[R] Binning question (binning rows of a data.frame according to a variable)

Mon Mar 20 11:55:54 CET 2006

Gabor Grothendieck wrote:
> On 3/19/06, Dan Bolser <dmb at mrc-dunn.cam.ac.uk> wrote:
> 
>>Gabor Grothendieck wrote:
>>
>>>On 3/18/06, Dan Bolser <dmb at mrc-dunn.cam.ac.uk> wrote:
>>>
>>>
>>>>Gabor Grothendieck wrote:
>>>>
>>>>
>>>>>If you are just looking for something simple that may be good enough
>>>>>then assign the largest one to group 1, the second largest to group 2,
>>>>>..., the 8th largest to group 8 and then start over again with group 1
>>>>>and so on.
>>>>>
>>>>># test data
>>>>>set.seed(1)
>>>>>x <- sample(100, 100, rep = TRUE)
>>>>>
>>>>>xs <- sort(x)
>>>>>g <- gl(8, 1, length(xs)) # 8 groups
>>>>>
>>>>># so that g contains the groups that correspond to xs.
>>>>>
>>>>>tapply(xs, g, sum)   # 659 671 687 701 612 622 629 646
>>>>>
>>>>
>>>>
>>>>That is a fairly neat way of getting groups with a good 'approximate
>>>>same size', however, in general I would like to be able to order my data
>>>>in any way, and still cut it into equal 'size' groups (like quantiles
>>>>for rows, but for row variable totals instead).
>>>
>>>
>>>Do you mean you want g to be in the original order of x?
>>
>>No.
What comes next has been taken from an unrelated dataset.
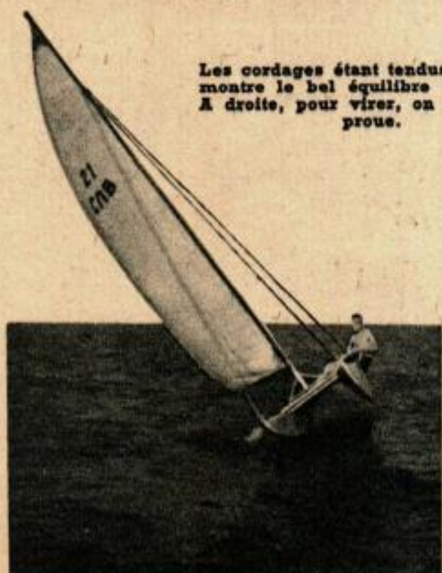
Les cordages étant tendus, le marin montre le bel équilibre du bateau. A droite, pour virer, on soulève la proue.

une seule coque et peut renverser sa direction presque instantanément si on le fait piquer du nez en tirant sur l'avant avec une corde. L'engin est construit en bois léger (rare en Espagne) et ne pèse que 85 kg. Le modèle favori des amateurs espagnols a 6 mètres de long, un mètre de large et son mât a une hauteur de 6,50 m. Ses coques jumelées n'ont que 55 cm de haut. La voile comporte 13 mètres carrés de toile.

What I mean is that I want to order x by any particular variable in
>>my data.frame, then group over x such that each group has roughly the
>>same sum.
>>
>>I get the feeling I have missed a very simple trick.
> 
> 
> 
> Suggest providing a short self contained reproducible example including
> input and desired output and a detailed explanation.

Does my subsequent post answer your question in this regard? Seems as 
though 'optimality' is not possible with any reasonable approach, 
however, the ordering criteria may mean we can get optimal solutions.

Dan.